_Exercise aim_: In the records below, the relevant part opens with the line containing "Casual Sports Two-color" and closes with the line containing "Déçue... 25€ pour"; print that part exactly and only, without its pictures.

_Material provided_:
○ ○ ○ ○

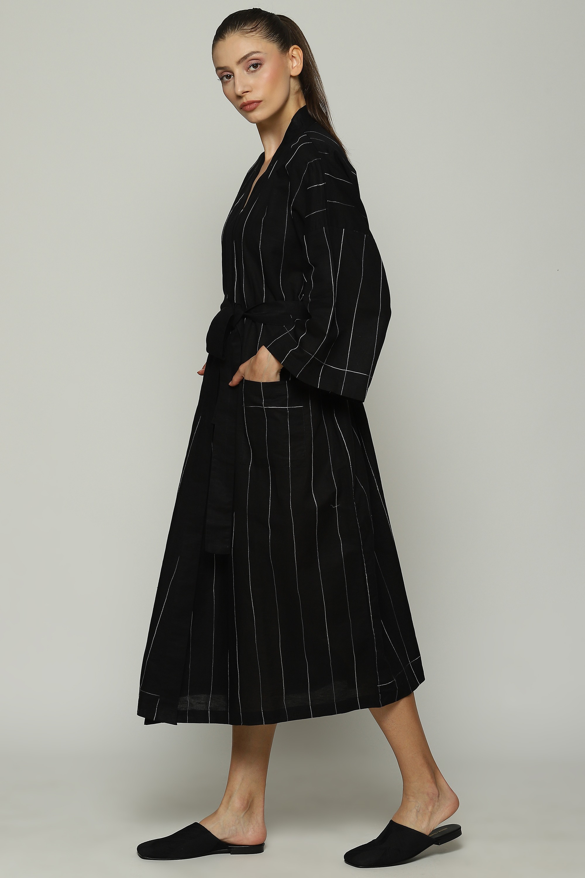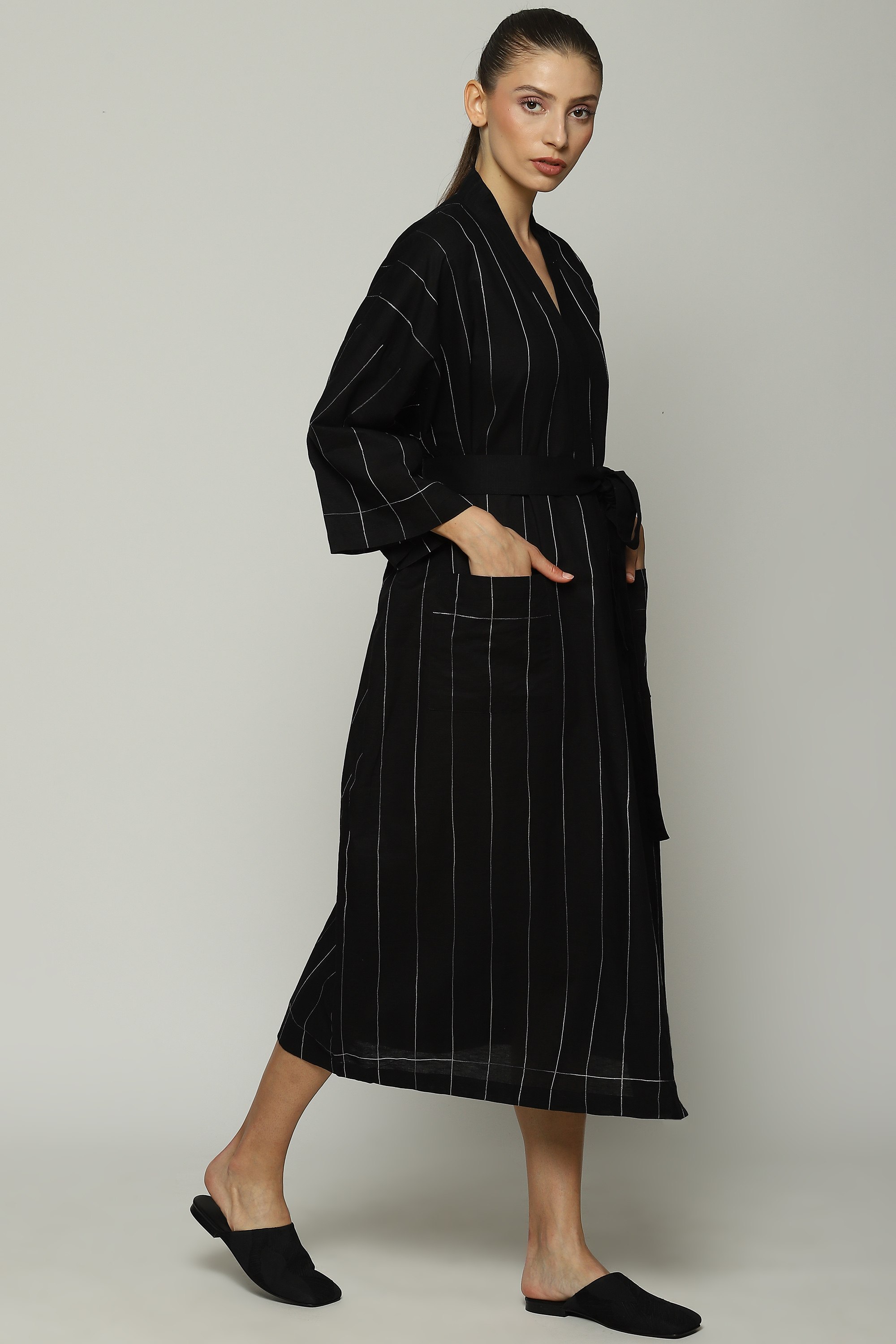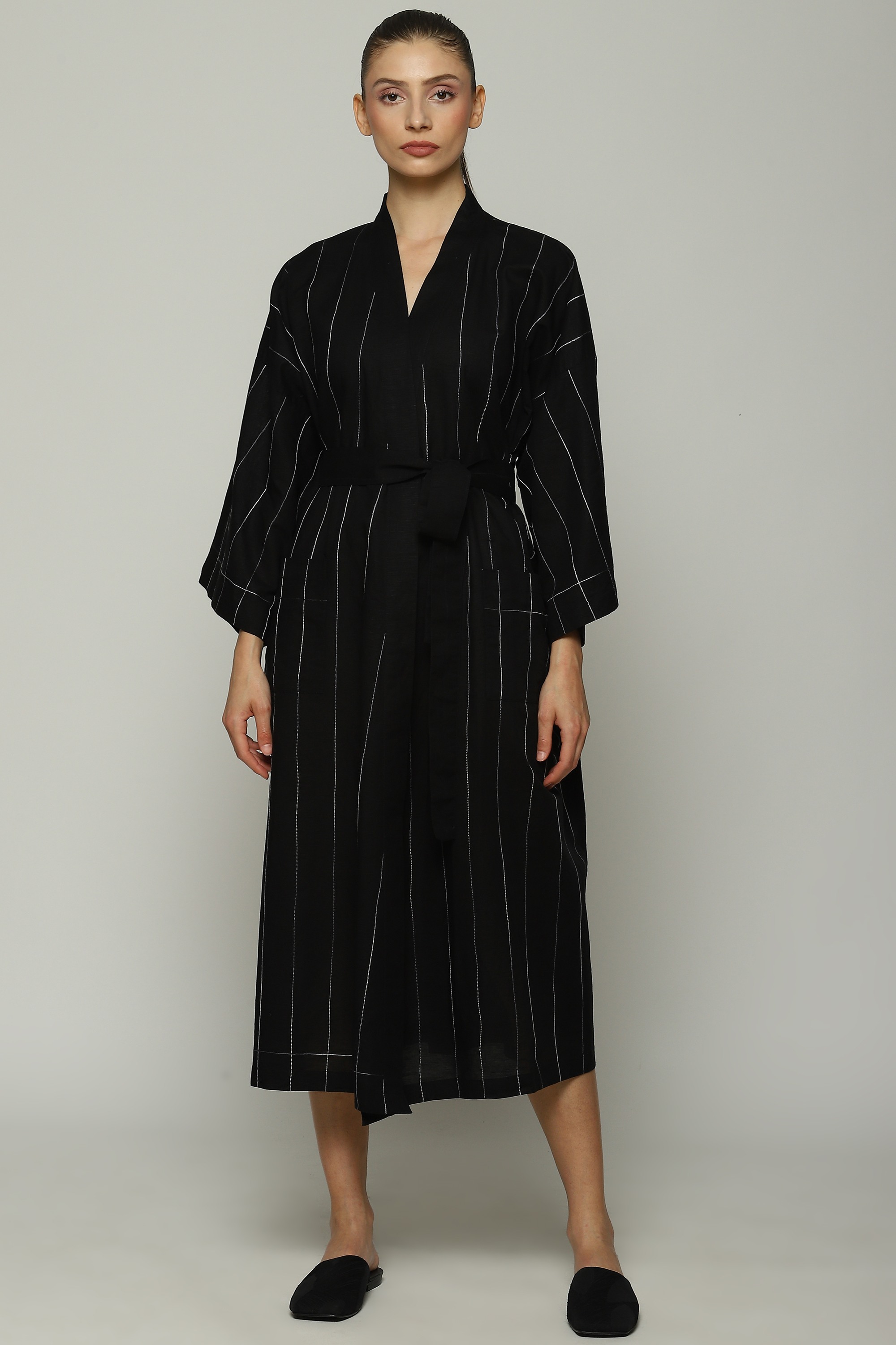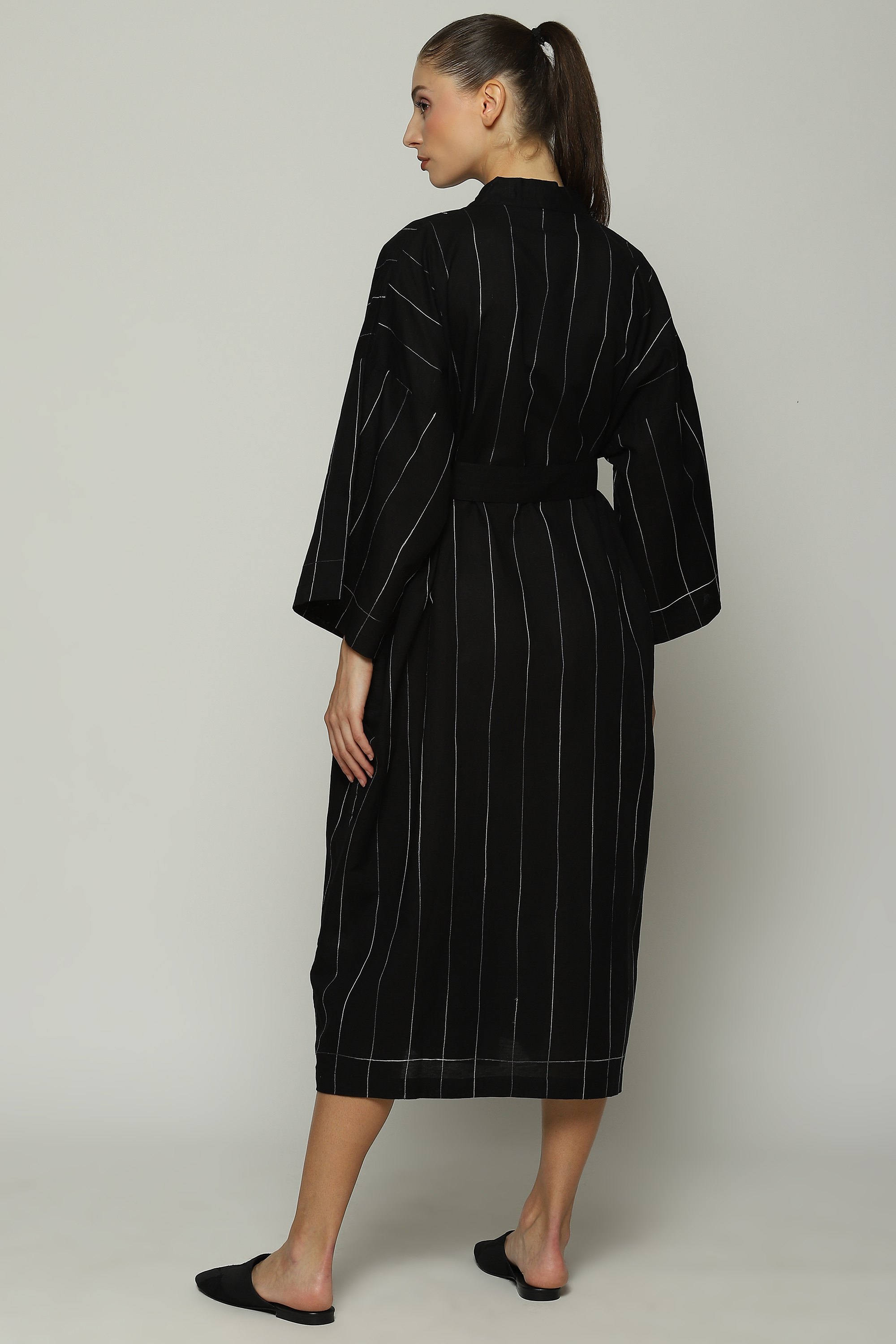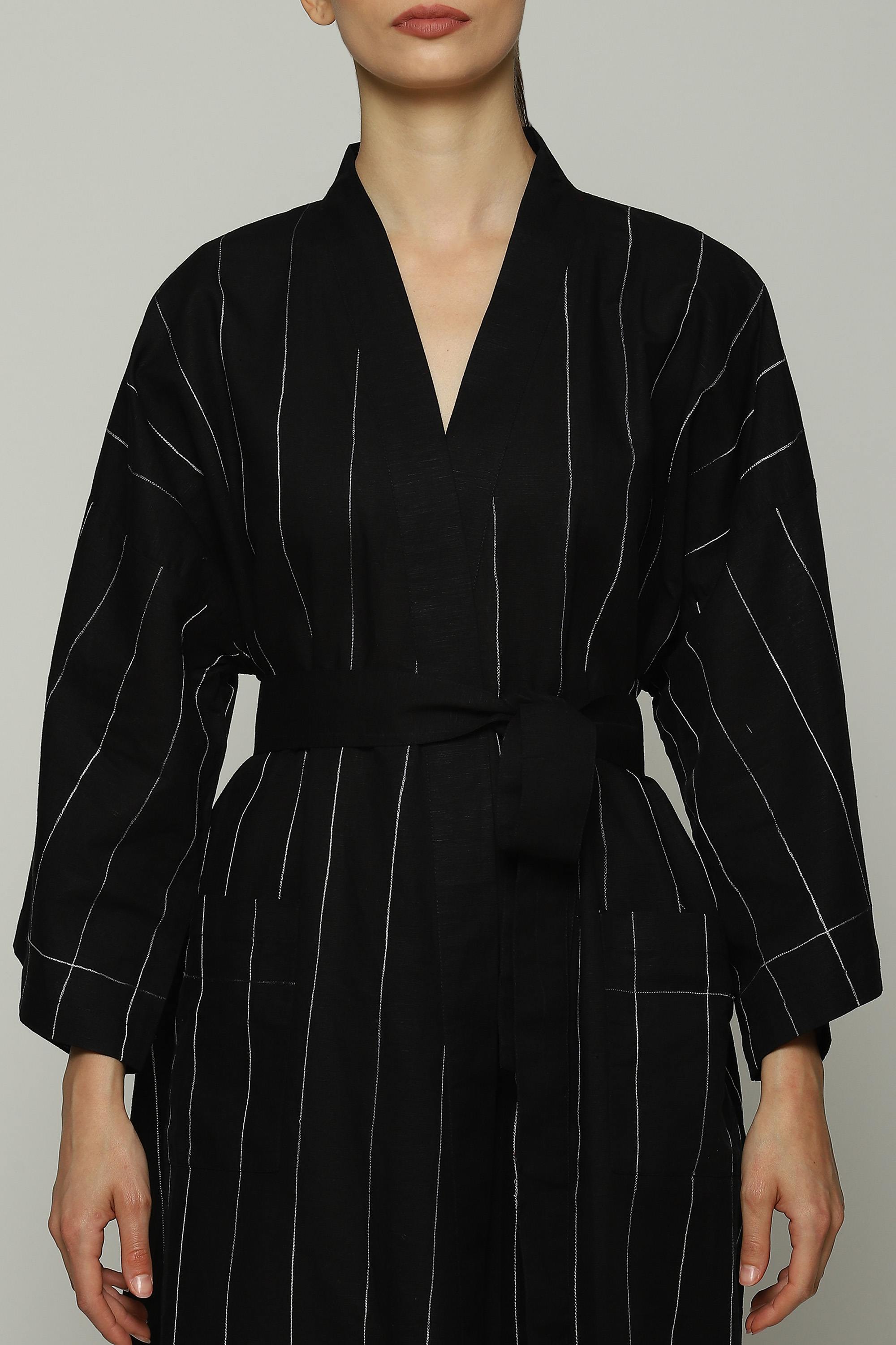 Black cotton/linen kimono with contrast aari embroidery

○ ○ ○ ○

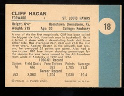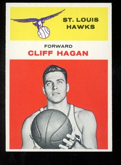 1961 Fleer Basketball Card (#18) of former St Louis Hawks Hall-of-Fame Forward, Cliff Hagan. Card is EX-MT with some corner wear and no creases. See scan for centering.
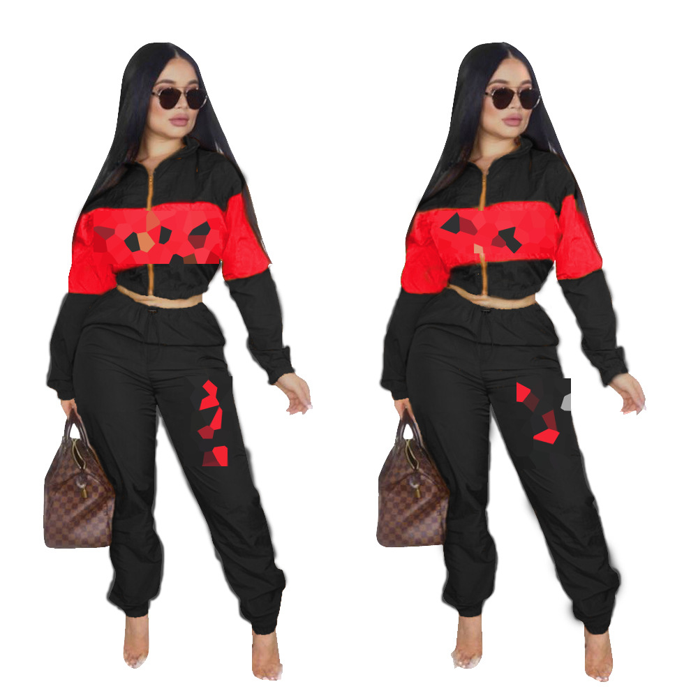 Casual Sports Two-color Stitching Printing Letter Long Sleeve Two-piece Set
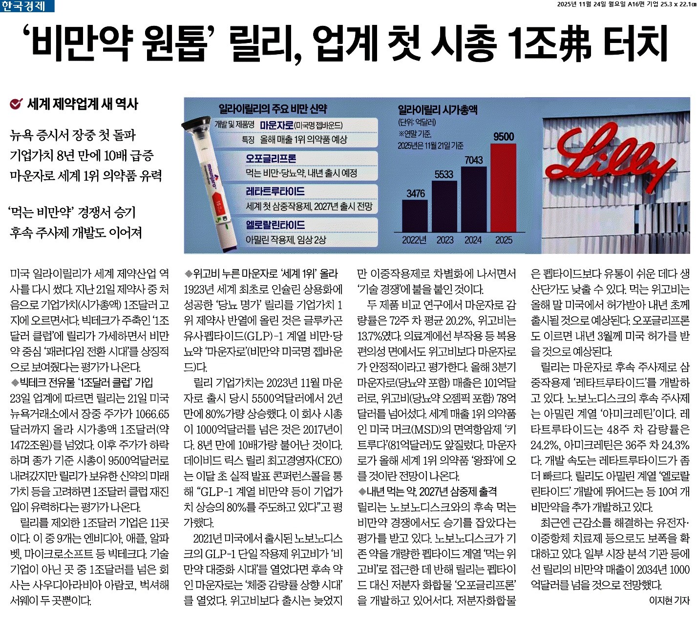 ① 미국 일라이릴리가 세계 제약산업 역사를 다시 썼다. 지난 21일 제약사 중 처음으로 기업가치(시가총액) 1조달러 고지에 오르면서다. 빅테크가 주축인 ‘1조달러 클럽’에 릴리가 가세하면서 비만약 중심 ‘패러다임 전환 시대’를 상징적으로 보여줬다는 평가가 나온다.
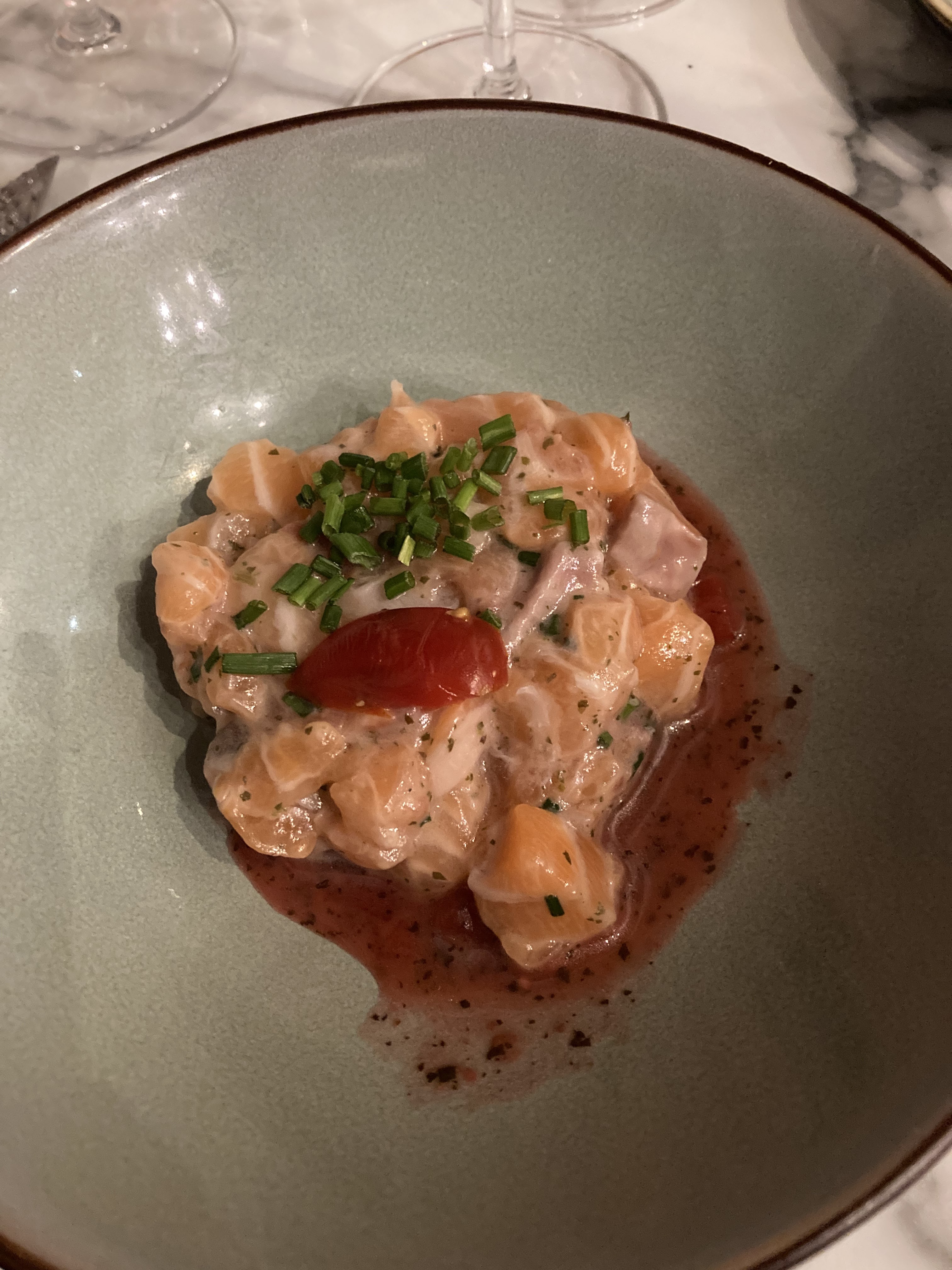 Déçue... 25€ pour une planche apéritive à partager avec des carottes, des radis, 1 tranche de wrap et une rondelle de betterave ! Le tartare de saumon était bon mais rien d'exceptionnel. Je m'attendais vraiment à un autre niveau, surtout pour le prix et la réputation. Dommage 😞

○ ○ ○ ○

_Result_:
 Casual Sports Two-color Stitching Printing Letter Long Sleeve Two-piece Set
 ① 미국 일라이릴리가 세계 제약산업 역사를 다시 썼다. 지난 21일 제약사 중 처음으로 기업가치(시가총액) 1조달러 고지에 오르면서다. 빅테크가 주축인 ‘1조달러 클럽’에 릴리가 가세하면서 비만약 중심 ‘패러다임 전환 시대’를 상징적으로 보여줬다는 평가가 나온다.
 Déçue... 25€ pour une planche apéritive à partager avec des carottes, des radis, 1 tranche de wrap et une rondelle de betterave ! Le tartare de saumon était bon mais rien d'exceptionnel. Je m'attendais vraiment à un autre niveau, surtout pour le prix et la réputation. Dommage 😞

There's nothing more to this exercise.